» REQUIREMENT
Ignoring the images, restate the records below word for word.

________

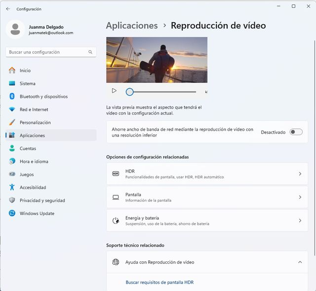 Las aplicaciones que utilizan la plataforma de vídeo integrada en Windows 11 pueden consumir mucha batería. Puedes controlar esta configuración para reducir el consumo.
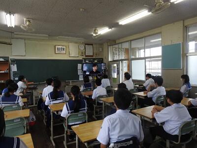 リモート配信で講話をしていただきました。選挙の歴史や投票の仕方をクイズ形式などを用いて楽しくわかりやすく説明していただきました。
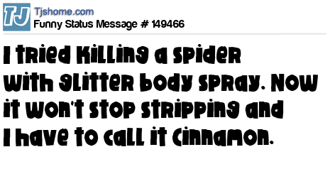 - # 197240 Great... I tried to kill a spider with glitter body spray and it didn't work Now I have a spider that won't stop dancing and insists I call her cinnamon
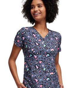 Throw a spin on your everyday uniform with the Break On Through by heartsoul Women’s Leopard Sweetheart Print Scrub Top. Cute and feminine, this cozy, breathable scrub top has stylized sleeves and princess seams that create a slimming silhouette.
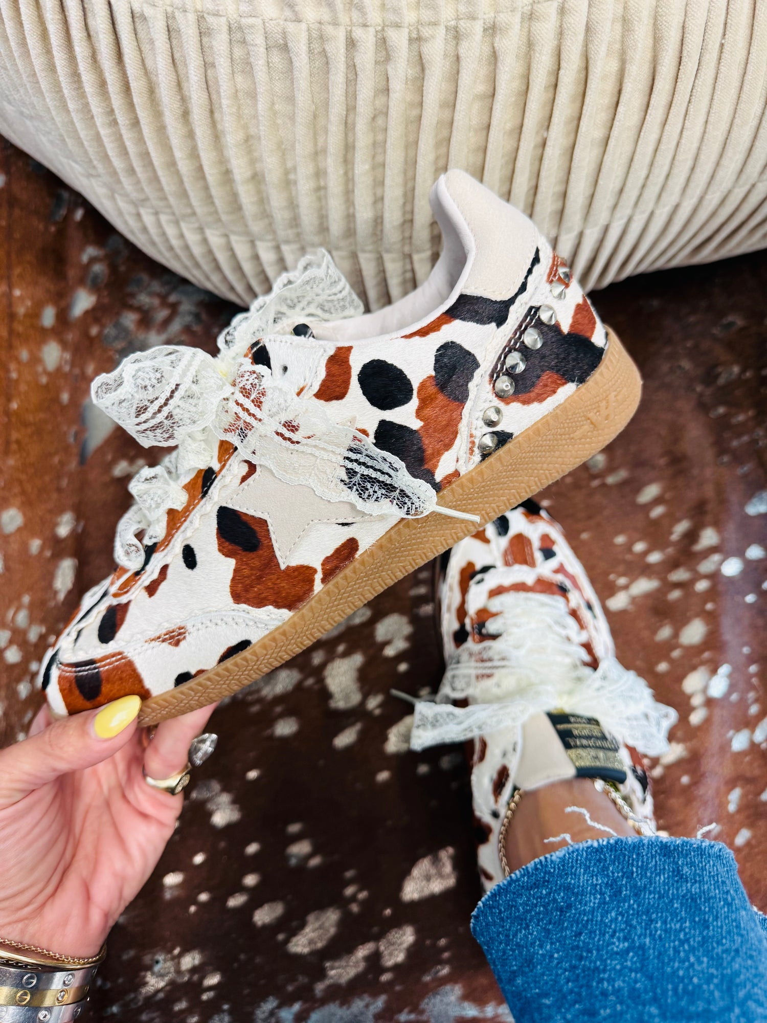 Step out in style with the VH x WR EXCLUSIVE Boho Rodeo Sneakers! Featuring a bold cow print paired with playful lace and edgy stud detailing, these sneakers add a fun, trendy twist to any outfit. Perfect for those who love to stand out while staying comfy on the move. Exclusively available at Walker Rose Boutique!

________

» RESPONSE
 Las aplicaciones que utilizan la plataforma de vídeo integrada en Windows 11 pueden consumir mucha batería. Puedes controlar esta configuración para reducir el consumo.
 リモート配信で講話をしていただきました。選挙の歴史や投票の仕方をクイズ形式などを用いて楽しくわかりやすく説明していただきました。
 - # 197240 Great... I tried to kill a spider with glitter body spray and it didn't work Now I have a spider that won't stop dancing and insists I call her cinnamon
 Throw a spin on your everyday uniform with the Break On Through by heartsoul Women’s Leopard Sweetheart Print Scrub Top. Cute and feminine, this cozy, breathable scrub top has stylized sleeves and princess seams that create a slimming silhouette.
 Step out in style with the VH x WR EXCLUSIVE Boho Rodeo Sneakers! Featuring a bold cow print paired with playful lace and edgy stud detailing, these sneakers add a fun, trendy twist to any outfit. Perfect for those who love to stand out while staying comfy on the move. Exclusively available at Walker Rose Boutique!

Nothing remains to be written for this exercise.